Beskjeder

Publisert 11. des. 2020 16:09

Dear all, first, thx to everybody for heroic efforts with project 2 (and 1). We are almost done with feedback (we miss 4-5 of you, but they should be there soon). 

And the reports look really good, congratulations to you all. We are proud of you!

 

Since we have received several requests for an extended deadline (due to conflicts with other exams etc etc), we have extended the deadline to December 16 at midnight.

If you have already submitted, you can always update/change etc your report.

 

If needed, we can always organize a one-to-one zoom session.

 

Best wishes to you all,

Morten et al

Publisert 8. des. 2020 11:08

Dear all,

we hope you all are doing well and that project 3 is on track.
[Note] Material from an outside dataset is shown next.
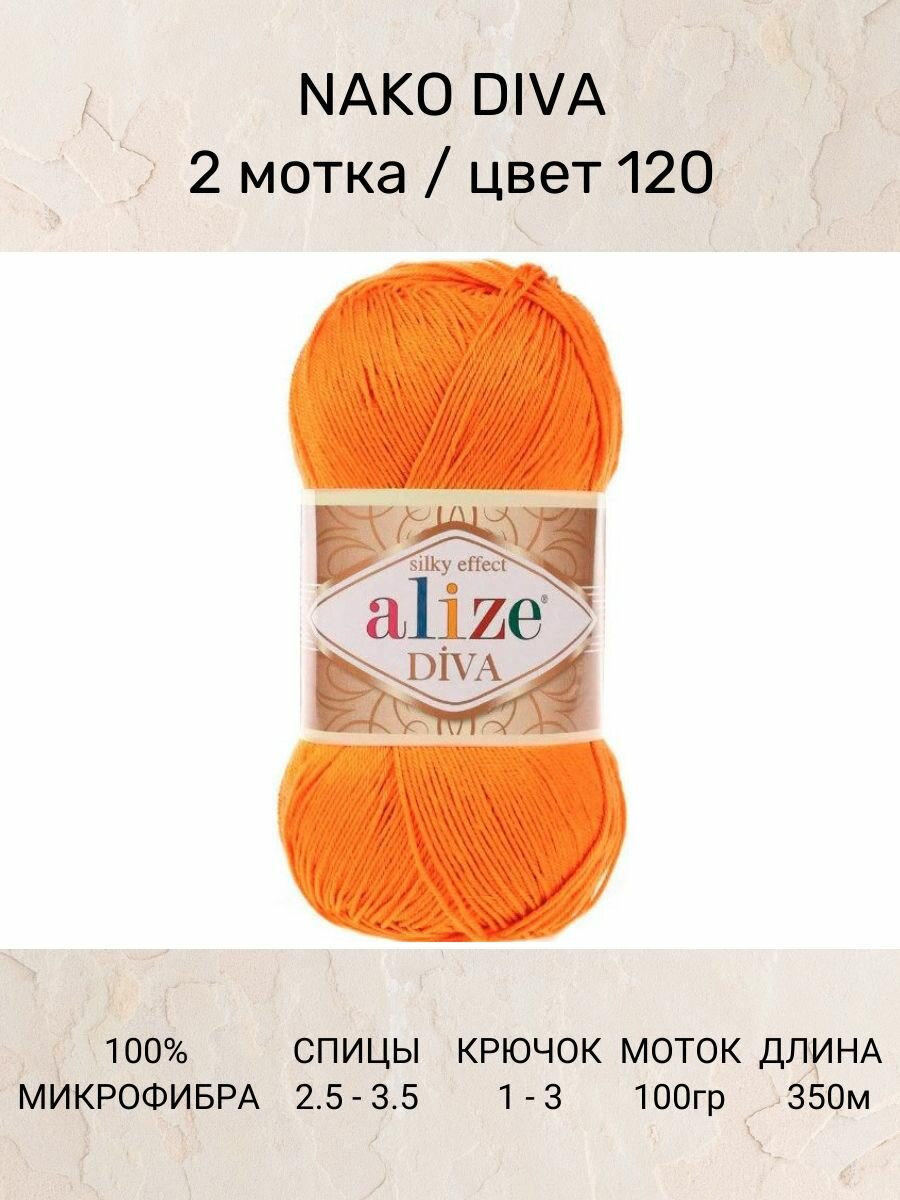 Пряжа Alize Diva оранжевый (120), 100%микрофибра, 350м, 100г, 2шт информация:

tomorrow we will have a new (and the last one this semester) digital lab from 10am to 12pm. The zoom link is the same as the one we have used for our lectures, see link below.

best wishes to you all,

Morten et al.

 

/// zoom link

Topic: Lectures FYS-ST3155/4155
Time: This is a recurring meeting Meet anytime

Join Zoom Meeting
https://msu.zoom.us/j/95069361786?pwd=OE8vRXFDWHNNTWJDZFFnZldHYnZTUT09

Meeting ID: 950 6936 1786
Passcode: 356225

Publisert 1. des. 2020 18:34

Hi all, hope you are doing well. Just a quick reminder that we are running a question and answer digital lab tomorrow from 10am to 12pm.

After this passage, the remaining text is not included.